Не в те времена: тогда его ещё и на свете не было.)
Августовским вечером тысяча семьсот семидесятого года, вынув документ из потайного места, мы с моим старшим братом по имени Гудбранд Добрый Меч, ныне покойным, спешно взяли экипаж и отправились в Холборн. Это был один из бедных, но довольно благополучных районов столицы, поэтому брат удивился, когда застал дверь чердачной каморки запертой: при том, что ошибиться адресом или смыслом вызова мы не могли никак.
– От нас отказались? – спросил я на ментале и весьма быстро.
– При моей жизни такого не бывало, – ответил брат в той же манере. – Нет, разумеется, сие допустимо, но ведь все они понимают, что запираться не имеет никакого смысла.
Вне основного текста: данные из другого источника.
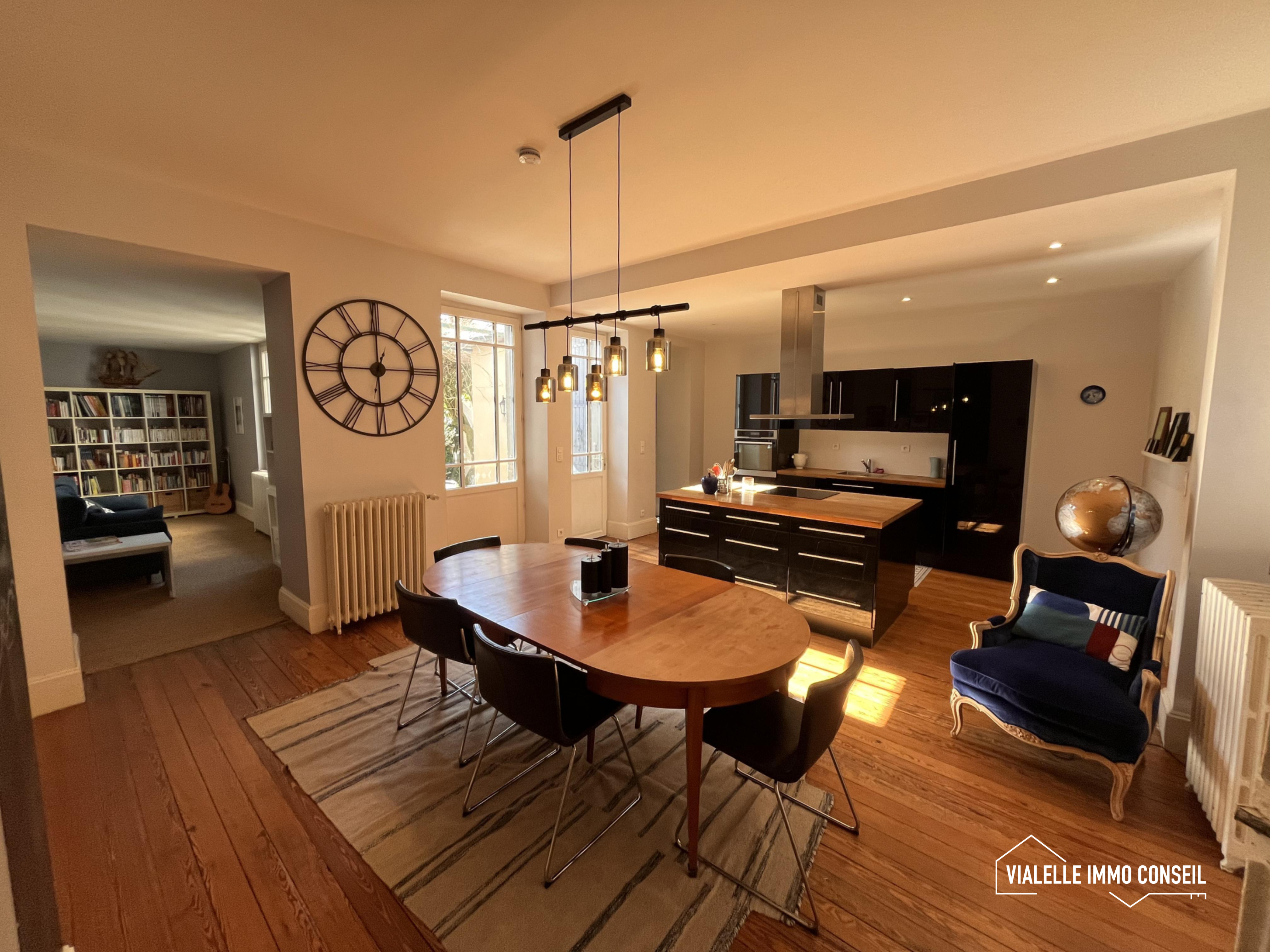 Espace de vie au rez de chaussé rénové avec goût comprenant une vaste entrée donnant sur un salon de près de 30m2. La cheminée présente dans cette pièce est fonctionnelle et apporte un côté chaleureux à cet espace. Un deuxième sas dessert l'espace cuisine/salle à manger. Ce vaste espace lumineux donne sur un petit jardin privatif au calme. Une Bibliothèque est également située dans le prolongement du séjour. Au milieu de la maison, se trouve un bel escalier d'époque en bois massif qui donne sur les espaces nuits ( R+1 , R+2 ) et sur une grande cave de 96m2.

– Ключ торчит с той стороны скважины.
Он кивнул.
Вцепиться в бородку узко заточенными ногтями и поработать этой импровизированной отмычкой не составило мне никакого труда. Гудбранд вошёл сразу за мной и вернул ключ в прежнее положение даже раньше, чем…
Чем мы почувствовали нестерпимый запах рвоты, жидкого кала, пота и чеснока. Совсем юный мальчик в рубахе, кюлотах и с босыми ногами скорчился в свете сальной свечи на убогой постели, длинные волосы прекрасного рыжего цвета метались по подушке, кое-где сбиваясь в колтун.
– Мышьяк, – сказал я. – Клянусь святым Полом, он же вульгарно отравился! С какой стати?
Мальчик пытался что-то объяснить. Чёрт нас всех побери, он пробовал даже улыбнуться навстречу, но губы тотчас свело пароксизмом, как и всё тело. Я вопросительно поглядел на него, на брата.
– Твоё решение, – пробормотал он.
Тогда я уселся рядом на ложе, притянул юнца за плечи, откинул ему голову и без особых церемоний кольнул клыками под челюсть, вводя свой натурный опиат.
– Боль ты так снимешь, конвульсии – нет, – передал мне Гуди. – Притом на этой стадии он полностью обречён. Кончай уж без затей.
– Я хочу знать, – пробормотал я вслух, на миг оторвавшись от своей работы. – Керл, я хочу знать, что с тобой случилось.
Почему я употребил это простонародное и не очень британское обращение? Керл – не юноша, а паренёк? Но мальчик на миг пришёл в чувство и вцепился в меня, пытаясь себя сдержать.
– Т-том.
– Знаю, – успокоил я, – Томас Чаттертон. Не говори пока, ладно? Не тужься.
– Т-ты так йу-ун.
– Молодой, почти как ты, ну да.
Во что бы то ни стало мы должны его развязать, думал я, это, вопреки суеверию, не сделает из Томаса наше с Гудбрандом подобие. Напротив, уменьшит то, что осталось от его смертного бытия.
И моего почти бессмертного.
Я прислонил свои губы к его рту (проклятый, невыносимый чесночный дух, вот уж тут легенда не соврала!) и стал с силой вдыхать внутрь насыщенный своей кровью воздух. Словно утопленнику. Где-то внутри меня – в лёгких, в печени? – лопались мелкие сосуды, во рту запахло гарью и железом, но это было неважно.
– Погоди, – сказал брат. – Ты сейчас до того себя вымотаешь, что сам ляжешь костьми.
Отстранил меня и начал делать то же, что я, но с куда бо́льшим успехом. Томас чуть обмяк и повис на наших руках, сердце забилось неторопливо и ровно, глаза прояснели.
– Ну, веди Ритуал, – Гуди высоко уложил мальчика на подушки и кивнул мне, чуть кривя губы.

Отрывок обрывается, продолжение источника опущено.